Hi,
I have set up recurring syncs of your Amplitude event data to BigQuery through the Amplitude UI. It all works really well except that i found a lot of duplicated events (identical event_id with identical amplitude_id). Here is an example of a user with an event with id 623, but there are two rows (!):
amplitude_id | event_id | event_time | device_brand | device_manufacturer | device_model | is_attribution_event | processed_time | user_creation_time |
83043144830 | 623 | 2023-04-20 02:54:16.468000 UTC | samsung | samsung | SM-G935F | FALSE | 2019-02-12 22:50:15.990000 UTC | |
83043144830 | 623 | 2023-04-20 02:54:16.468000 UTC | 2023-05-02 21:26:50.277000 UTC |
The two rows are identical, except for: device_brand, device_manufacturer, device_model, is_attribution_event, processed_time and user_creation_time, are identical.
It is of course trivial to remove such duplicate rows but I want to understand why we have and still are getting this duplication (and why these fields above sometimes have values and sometimes not).

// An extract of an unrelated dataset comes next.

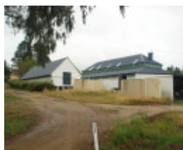
HABBIES HOWE HOMESTEAD SOHE 2008

We haven’t backfilled any data and as far as I understand it. Are we missing some vital step here that we need to do in order to correctly ingest this data?
Any help, pointers would be greatly appreciated as this is quite urgent for us.
The goal is simply that we have a dataset where each row is a unique event performed by an amplitude_id and that we have as much information about this event as possible.
Best regards,
Nils